- [Dataset section]

---*---

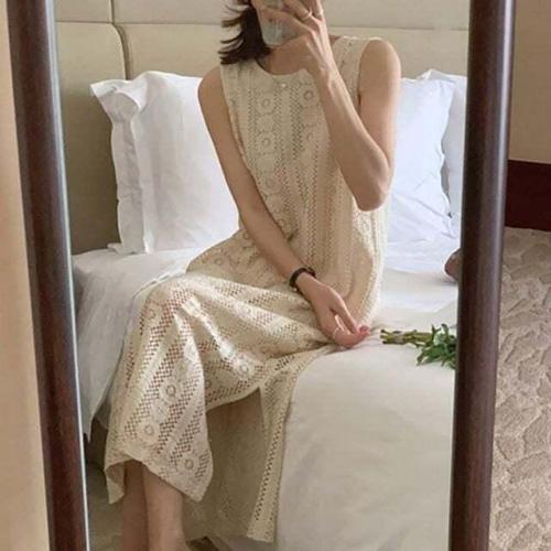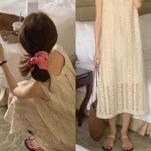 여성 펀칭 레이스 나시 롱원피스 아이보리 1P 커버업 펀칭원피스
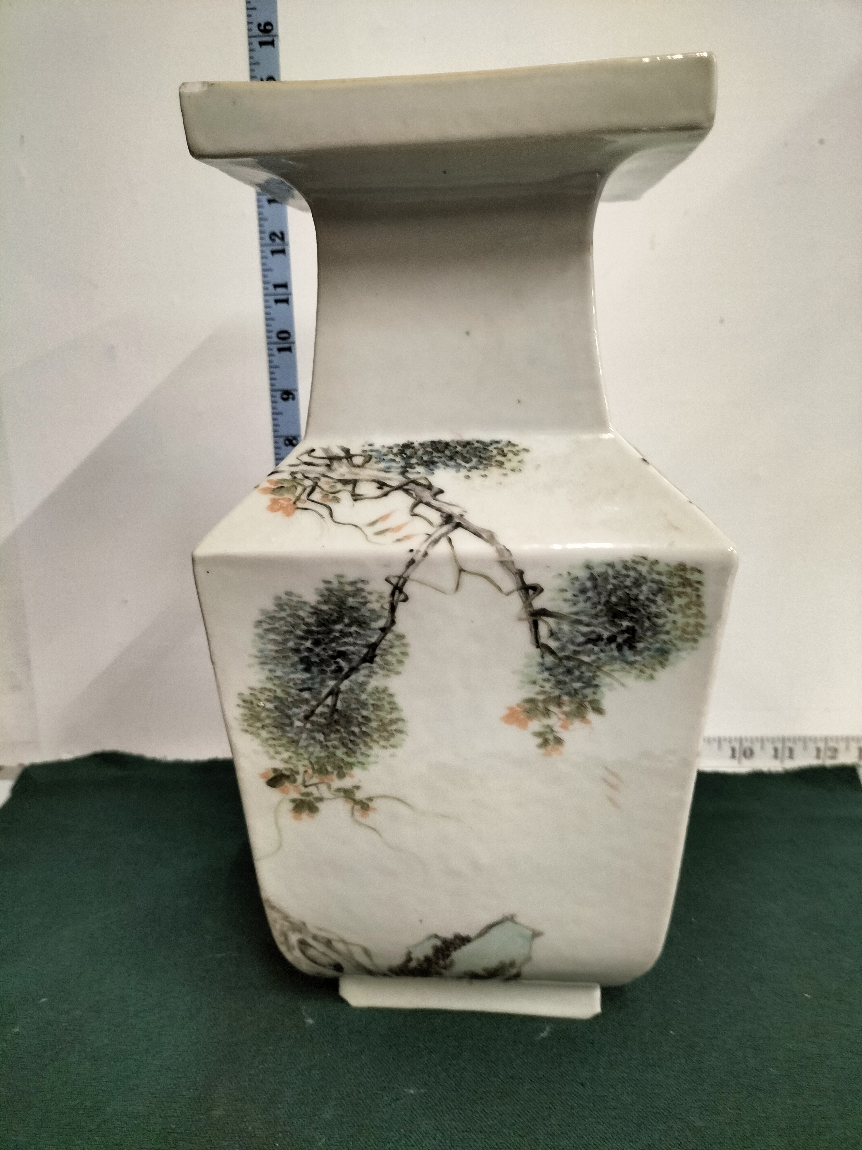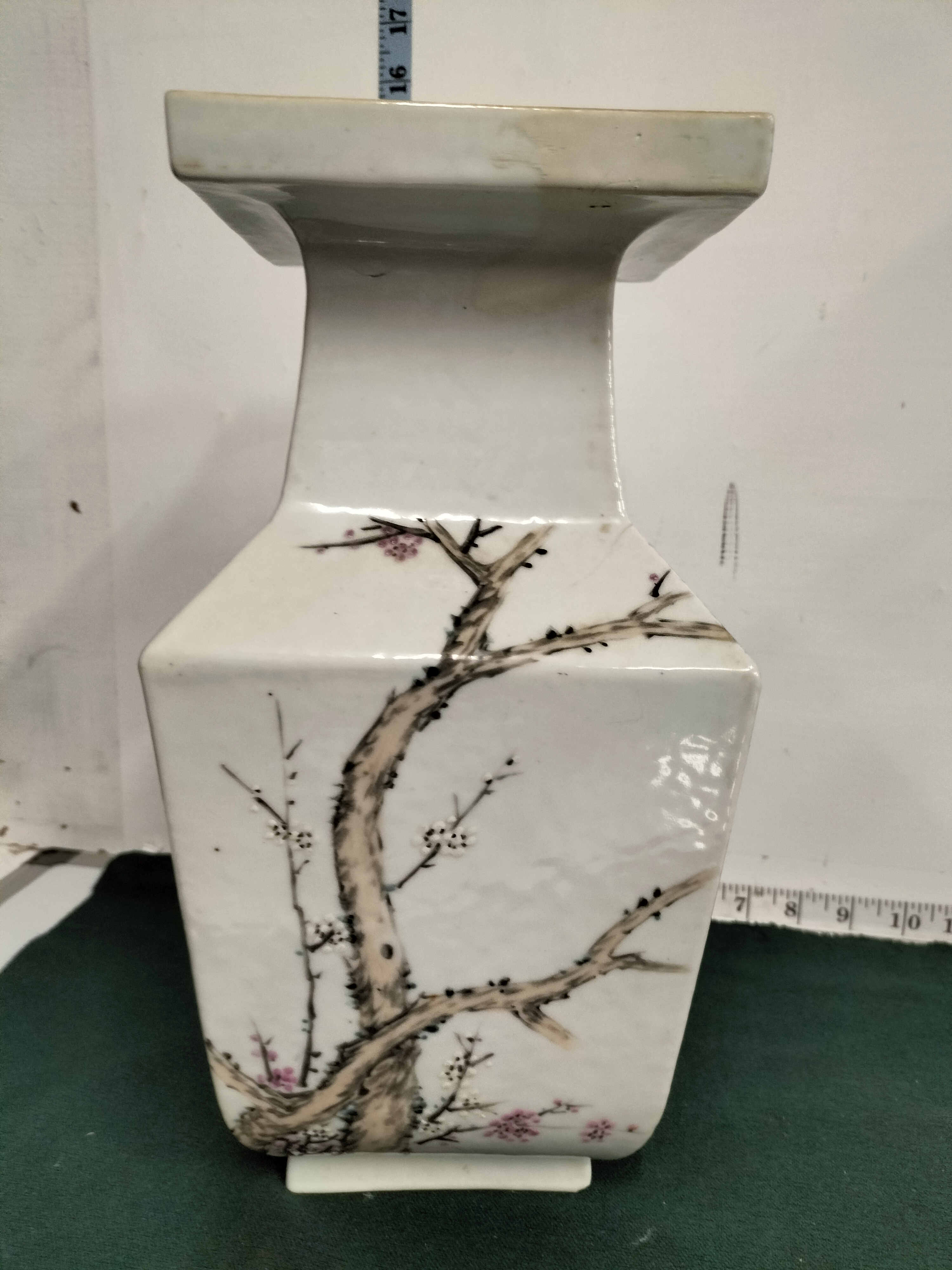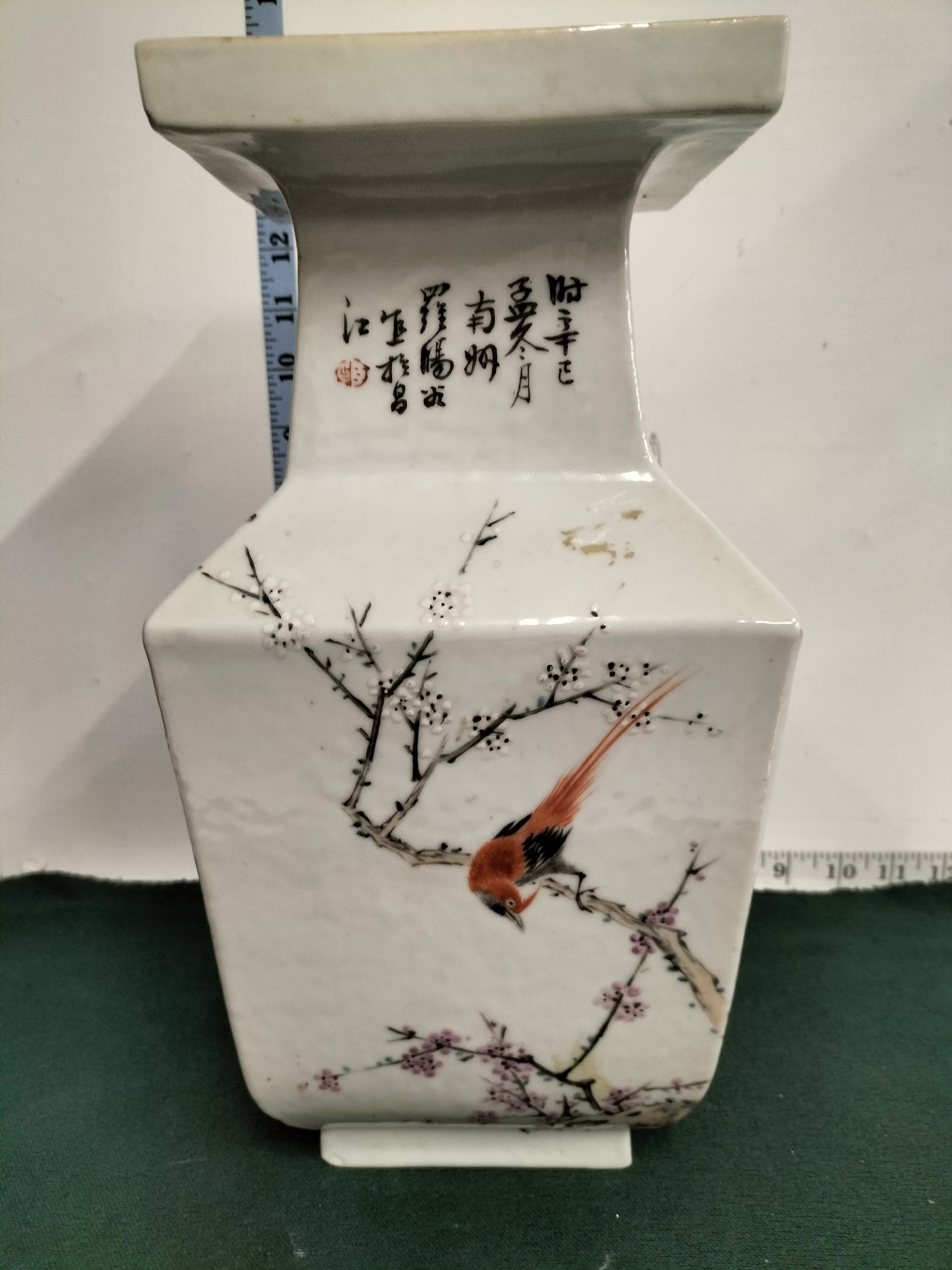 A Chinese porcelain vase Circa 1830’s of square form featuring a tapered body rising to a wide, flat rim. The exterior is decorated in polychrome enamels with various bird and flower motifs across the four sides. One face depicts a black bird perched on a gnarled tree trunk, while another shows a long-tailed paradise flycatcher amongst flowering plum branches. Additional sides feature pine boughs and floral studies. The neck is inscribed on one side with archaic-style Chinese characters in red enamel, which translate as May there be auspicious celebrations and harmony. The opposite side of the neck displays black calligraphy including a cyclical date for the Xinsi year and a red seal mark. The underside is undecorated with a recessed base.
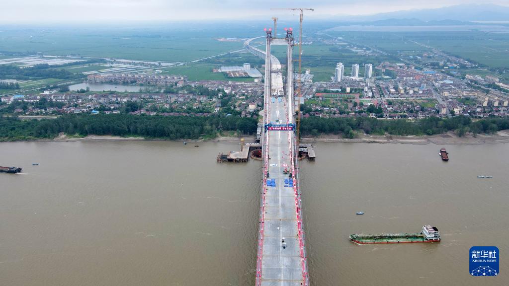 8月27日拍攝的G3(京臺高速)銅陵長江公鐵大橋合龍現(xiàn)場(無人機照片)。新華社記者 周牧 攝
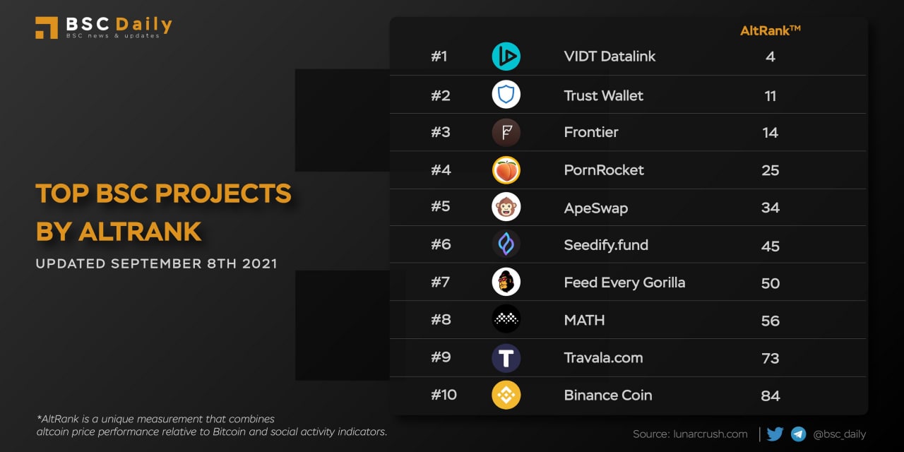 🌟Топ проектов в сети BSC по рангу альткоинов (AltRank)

---*---

- [Directions for this task] Go through the listing above and write it all out exactly, leaving out any picture.

- [Answer space]
 여성 펀칭 레이스 나시 롱원피스 아이보리 1P 커버업 펀칭원피스
 A Chinese porcelain vase Circa 1830’s of square form featuring a tapered body rising to a wide, flat rim. The exterior is decorated in polychrome enamels with various bird and flower motifs across the four sides. One face depicts a black bird perched on a gnarled tree trunk, while another shows a long-tailed paradise flycatcher amongst flowering plum branches. Additional sides feature pine boughs and floral studies. The neck is inscribed on one side with archaic-style Chinese characters in red enamel, which translate as May there be auspicious celebrations and harmony. The opposite side of the neck displays black calligraphy including a cyclical date for the Xinsi year and a red seal mark. The underside is undecorated with a recessed base.
 8月27日拍攝的G3(京臺高速)銅陵長江公鐵大橋合龍現(xiàn)場(無人機照片)。新華社記者 周牧 攝
 🌟Топ проектов в сети BSC по рангу альткоинов (AltRank)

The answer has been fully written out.